Korona Virüs Sebebiyle İşyerinde Ölümler İş Kazasıdır. Karantina Bölgesi Hastanenin Her Yeridir

Salgın hastalıklara karşı insanlığın ne kadar zayıf olduğunu yaşadığımız bugünlerde bilimden ziyade ekonomi ve politik gücün afetlerde bir işe yaramadığı anlaşılmıştır. Küreselleşmenin bir yan etkiside hastalıkların yayılmasıdır. Endemik olan hastalık pandemiye dönüyor. Elbette yeni olan bir olay değil, İspanyolların çiçek hastalığını Amerika'ya taşıması ve bunu etkili bir silah olarak görerek Kızlderililerin soykırımında kullandığı trajik gerçeği de unutmamak gerekiyor.

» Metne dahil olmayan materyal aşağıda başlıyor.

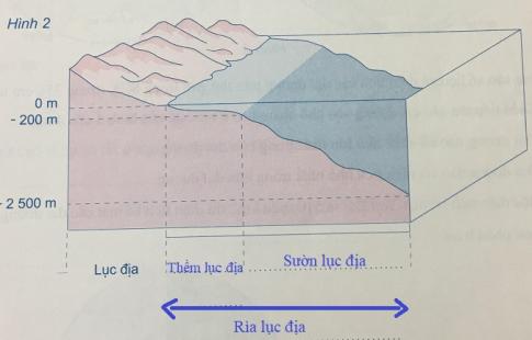 Em hãy điền vào chỗ chấm (...) tên của các bộ phận: Thềm lục địa, sườn lục địa, rìa lục địa

Günümüz iş koşullarına gelinirse evrensel değerler değişime uğramamalıdır. Oysa tüm çevreler; çalışan, devlet, işveren üçgeninde değişim yaşanmış aslında reel değerler kasıtlı olarak içi boşaltılmıştır. Emek kutsaldır ve değeri olamaz ancak her işçi yada her çalışan "Emekçi" değildir. Çalışıyormuş gibi görünüp mesai tamamlaa derdinden başka derdi olmayan kişierin sayısı artmakta ve emek harcayan, görevini yapan kişiler artık hor görülme yada aşağılandığı zamanları yaşıyoruz. Aynı kutsal meslekler arasında olan hekimlik gibi; toplumda hekimlere karşı saldırıların arttığı dönemde artık onların ne kadar değerli olduğunu gösteriyor. Öyle ki maalesef yaşanan sağlık personeleri bulaşıcı hastalıklar sonucu hastalanma sayısının artması bize onlara karşı vefa borcumuzun ne kadar çok olduğunu gösteriyor.

Türkiye ve neredeyse tüm dünyada işlerin durma noktasına gelmesi ertelenen borç ve faizlerin üretim olmaması sebebiyle katlanarak ülke iflaslarına hazırlıklı olunacak aşamaya geldiğini söyleyebiliriz. Bu noktada borç veren ülke yada şirketlerin yarattıkları sanal piyasalar kendilerine dönecek şekilde olmaması için IMF, Dünya Bankası gibi yapılar ülke borçlarını silmelidirler. 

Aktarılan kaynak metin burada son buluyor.